Roughly ten years ago, Candice began, what would become an abusive relationship, with her on-again-off-again boyfriend Cody Beasly. It seems like a lifetime ago, as her circumstances have changed greatly.
Candice first moved to nearby Stillwater, Oklahoma in 2013. Candice’s parents owned the trailer park and trailer that her then-boyfriend Beasley was renting on the 2300 block of South Walnut Street. Just twenty-six (26) years old at the time, she was working hard and had kids to raise. Previously, she had been a nurse at small hospitals but had found temporary work in the bakery at the Food Pyramid before the birth of her twins, Alex and Caden [identities changed] in 2015. She wasn’t working at the time, was on leave, put on bed rest due to some health issues. Candice openly stated that she had suffered from post-pardom depression following the birth of her youngest children, two twin boys. Candice is thirty-six years old now. A proud mother to four (4) children. Her oldest child, Allen [identity changed], was born in 2007, and is now fourteen-years-old (14) and Neva [identity changed] is her thirteen-year-old (13) daughter and her young twins.

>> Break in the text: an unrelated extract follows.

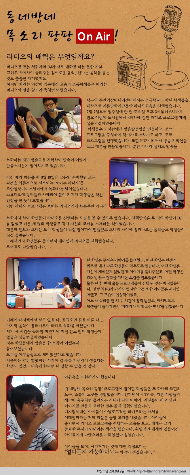 동네방네 목소리 팡팡 On Air, 라디오의 매력 admin 0 11193 2012-09-04 10:00:00 이전글 : 2012 학산 작은 배우 아카데미 다음글 : 대관령 옛길 목록 댓글목록 이름 비밀번호 등록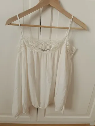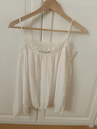 Bonita blusa estilo boho de Zara con detalles de encaje. - Diseño ligero y vaporoso. - Tirantes finos. - Adorno de encaje en el escote y los hombros.

Things changed drastically in her life in 2016.
This Oklahoma Breakdown
“Stillwater Man Allegedly Beat Girlfriend, Pointed A Shotgun At Her” the headline read on August 12th, 2016 in the local paper. Beasley had been in and out of psychotic and drug-fueled episodes and the abuse had finally escalated to an unsurprising end. Beasley had arrived with a pistol and a shotgun and Candice had nowhere to go. According to Candice, Beasley entered their bedroom, set the gun down, and left the room. “He had woke Neva up and told her to go lay with mom and said they looked hungry and he said ‘I guess I’ll go make something to eat’ and he then set the gun down at the end of the bed.”

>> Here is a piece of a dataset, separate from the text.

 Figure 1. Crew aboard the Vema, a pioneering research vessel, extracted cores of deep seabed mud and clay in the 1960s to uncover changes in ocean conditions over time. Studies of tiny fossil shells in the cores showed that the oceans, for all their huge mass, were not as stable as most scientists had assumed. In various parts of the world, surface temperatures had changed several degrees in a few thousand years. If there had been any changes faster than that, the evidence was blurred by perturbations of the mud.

That’s when Candice made the move that saved her life; she frantically checked the shotgun, remembering her dad showing her how to open the chamber, and took the bullets out of the shotgun.

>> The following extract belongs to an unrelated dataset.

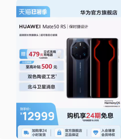 【新品】HUAWEI/华为Mate50 RS保时捷设计超微距长焦摄像头鸿蒙拍照摄影游戏商务高端智能手机 数量

“I told him that I was tired of the abuse, and if he was going to do it, then do it, and just let my kids go.” That’s when Candice states that he “[p]ut the gun to my head. Pulled the trigger.” Neva then ran out of the house to get help as Candice was beaten with the gun inside the house. “I took the bullets out of the shotgun. When he was walking back into the room he saw me set the gun down and that’s when he got furious, I remember the sound of my teeth getting pushed back into my jaws, I don’t remember anything after that” Candice continued.
A Stillwater Police Department (SPD) officer went to the address at about 2:15 a.m. on June 07, 2016. The police found Candice sitting on the ground bleeding from her injuries. She had suffered a concussion and had her teeth knocked out. Slurring her words, it was difficult for her to make a proper legal statement on her own.
“I don’t remember how I got out of the house…..when I got out of the house the neighbors were coming to get me.” According to Candice, the neighbors had grabbed the youngest two children out of her bloodied arms and helped her get to her feet.
The first officers to arrive didn’t know if Beasley was in the home, as the call had come in from third parties to the event. One officer on the scene asked Candice’s mother, Megan, to go in and see if the suspect was in the home; one officer went in behind her. Beasley was actually hiding under clothes in the home and couldn’t be located by the police.
“When we were leaving there was a shotgun over in the corner up against the wall in the southeast corner and the cop pointed at it and told me I needed to get rid of it so I told Troy and he got rid of it,” Megan Hogan stated. The pistol was never found and logged as evidence.
Three of Candice’s kids were in the home at the time of the assault. The oldest was staying the night with a friend. After a severe domestic assault, according to the affidavit, she was sitting on the ground with a bloody mouth, several loose teeth, and “a swelling bruise behind her right ear”. The woman was crying and told the officer Beasley punched her on the right side of her head and mouth and said “Cody pointed a shotgun at her head before leaving the trailer.”
When taken to the emergency room at Stillwater Medical Center, the officer learned Candice “had several loose teeth as a result of getting punched in the mouth,” contradicting the statements she was trying to make in regard to the guns. It was never mentioned that the gun was the tool Beasley used when doling out the attack.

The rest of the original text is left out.